Lets face it, the economy is cold, bad, not fun right now. When the economy goes sour, so does the financial welfare of most of us. For the housing market, this means that many folks need to sell their homes, foreclose, or do a short sale. What is the difference between a foreclosure and a short sale, and what does it mean for buyers and sellers?
- Definition: Foreclosure is the legal and professional proceeding in which a lender obtains a court ordered termination of a mortgagor’s equitable right of redemption. Some call it the “F” word for sellers. In most cases, the lender obtains a security interest — like the property — from the borrower. If the borrower defaults on the loan, the lender then tries to repossess the property and gives the borrower the chance to repay the debt. Because the lender is then in a tight spot, not knowing for sure that they will receive the debt repayment from the borrower, the lender will usually then get what they can from the property, like selling it at auction. There is a lot of legal stuff that goes into a foreclosure — meaning, lots of paperwork, deadlines, and such — and it is not a favorable outcome for the borrower.
- Buyers: Buyers can get great deals on foreclosed properties because they usually sell at auction. Folks can get homes for way less than they would pay with a regular sales transaction. Foreclosures are quite common these days (although, thankfully, not too common in Harrisonburg!), so there are a good deal of properties to choose from. Foreclosure auctions are required to be advertised a certain number of times in the newspaper, too, so you’ll always be in the know.
- Sellers: Foreclosures are not favorable. They take a 200 – 400 point hit on your credit score, put you in a bad financial situation, you may be required to leave your home immediately, and will always have a foreclosure on your record, which means lenders down the road may not approve you for another home loan.

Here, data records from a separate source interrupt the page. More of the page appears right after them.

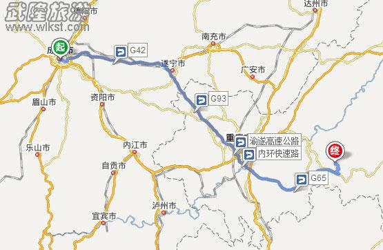 6、沿包茂高速/渝湘高速/G65行駛138.4公里(經巴南收費站),從武隆仙女山/武隆服務區出口離開,朝武隆/仙女山方向(經武隆收費站),從環島的第1個出口離開,進入S203;(此路段收費收費70元)
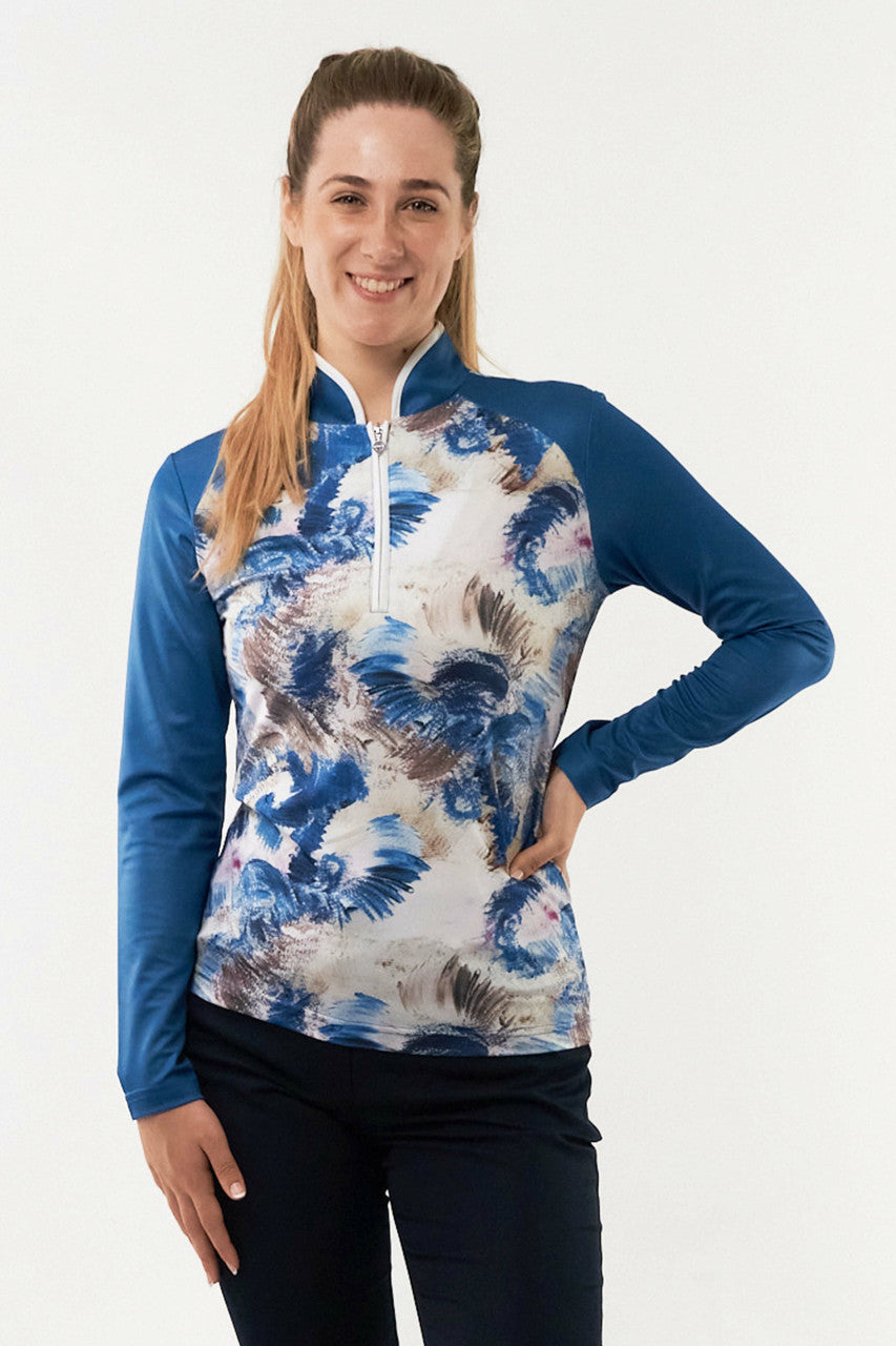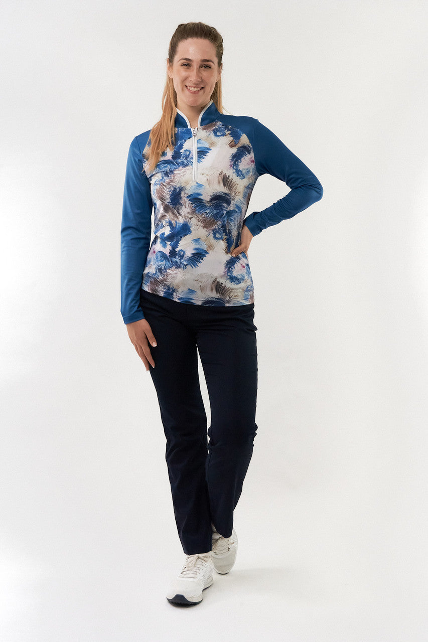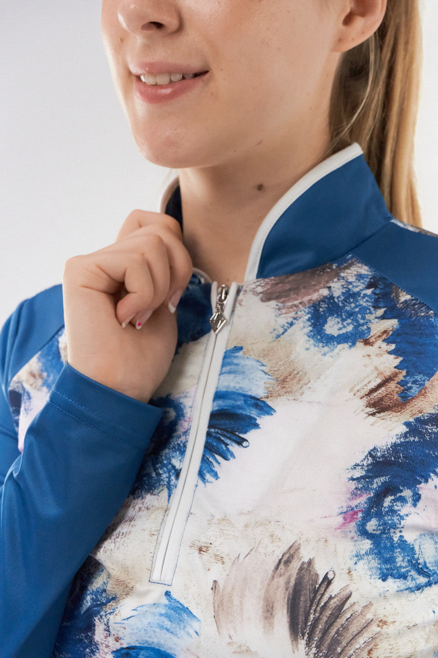 Pure Golf Sienna Long Sleeve Zip Neck Top - Stone Canvas Collection - Vallarta Blue
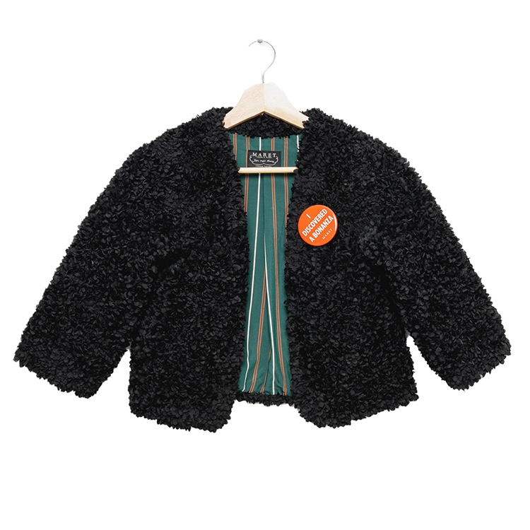 【2025年 秋冬新作商品】なにこれ?なユニークなフリル生地を使った個性的なボレロ。「思いがけない幸運を発見!」の意味のバッチ付き。ボロボロアイテムに合わせて欲しい一品。大人サイズのみ。★クロネコゆうパケット指定不可
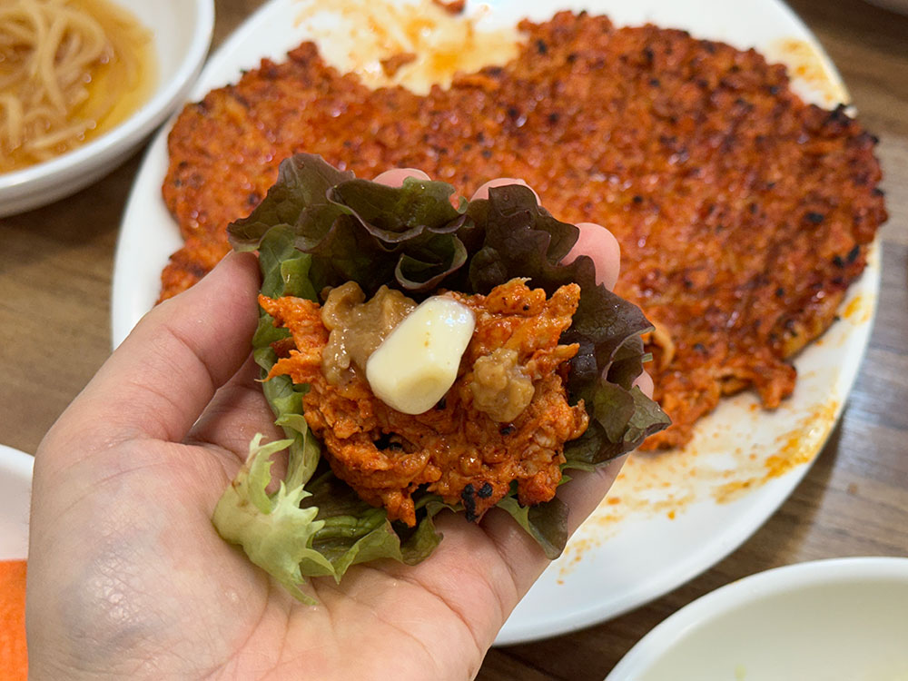 닭불고기와 함께 밑반찬과 쌈채소도 나오는데 고추장아찌, 양파장아찌 등 밑반찬을 올리고 쌈을 싸 먹으면 맛있어요.
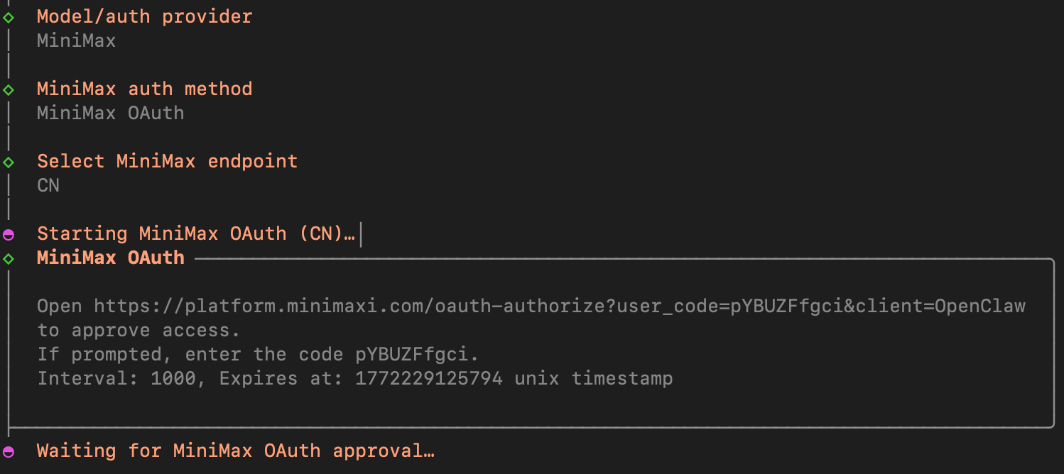 MiniMax auth method 选择 MiniMax OAuth,Select MiniMax endpoing 选择 CN。然后复制授权的 URL 地址,在浏览器的新 Tab 页打开这个地址,为 OpenClaw 授权 (授权之前需要先登录 MiniMax)。

- Definition: A short sale is a sale of real estate in which the proceeds from the sale fall short of the balance owed on a loan secured by the property sold. In a short sale, the lender agrees to take a loss on the amount owed by the borrower because of the financial hardship the borrower (also called a mortgagor, or in our terms, the homeowner — well, sort of) is going through. When the property sells, the mortgagor turns over all the proceeds of the sale to the lender. There is a lot of paperwork for short sales, and a lot of “eyes” have to see this paperwork and approve it in order for a sale to actually go through. It is not defined as a short sale because of the time it takes to close. It is defined as short because the lender is “shorted” the full amount of the loan.

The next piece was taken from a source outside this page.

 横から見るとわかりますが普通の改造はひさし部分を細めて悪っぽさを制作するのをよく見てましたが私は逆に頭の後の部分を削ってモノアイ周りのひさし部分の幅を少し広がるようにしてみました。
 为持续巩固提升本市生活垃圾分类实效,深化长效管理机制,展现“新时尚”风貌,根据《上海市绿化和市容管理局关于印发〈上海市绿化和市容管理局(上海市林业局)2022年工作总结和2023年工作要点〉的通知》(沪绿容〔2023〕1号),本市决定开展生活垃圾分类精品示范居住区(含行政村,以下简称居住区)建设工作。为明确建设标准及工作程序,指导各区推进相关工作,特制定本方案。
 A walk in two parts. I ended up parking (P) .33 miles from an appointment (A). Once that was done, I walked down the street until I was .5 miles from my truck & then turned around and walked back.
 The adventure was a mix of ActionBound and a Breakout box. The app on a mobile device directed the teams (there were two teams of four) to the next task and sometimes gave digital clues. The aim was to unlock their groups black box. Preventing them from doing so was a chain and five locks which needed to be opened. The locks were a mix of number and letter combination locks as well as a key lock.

- Buyers: If you are interested in a property that is a short sale, beware! Although you may be getting a great deal for your money, you may have to wait long periods of time to be approved for the purchase. You are dealing with banks, after all. It would be very smart to consult with a real estate lawyer (to discuss the contract) and an accountant (to discuss tax ramifications).
- Sellers: This is a better alternative — or less frustrating alternative — to a foreclosure. Beware that not all properties qualify for short sales, and that you’ll have to talk to your lender about the situation. There are some benefits to doing a short sale rather than a foreclosure, including being in control of the sale (it is more like a regular transaction on your part), you will know who is buying your property, and you can still be current on your payments (contrary to popular belief).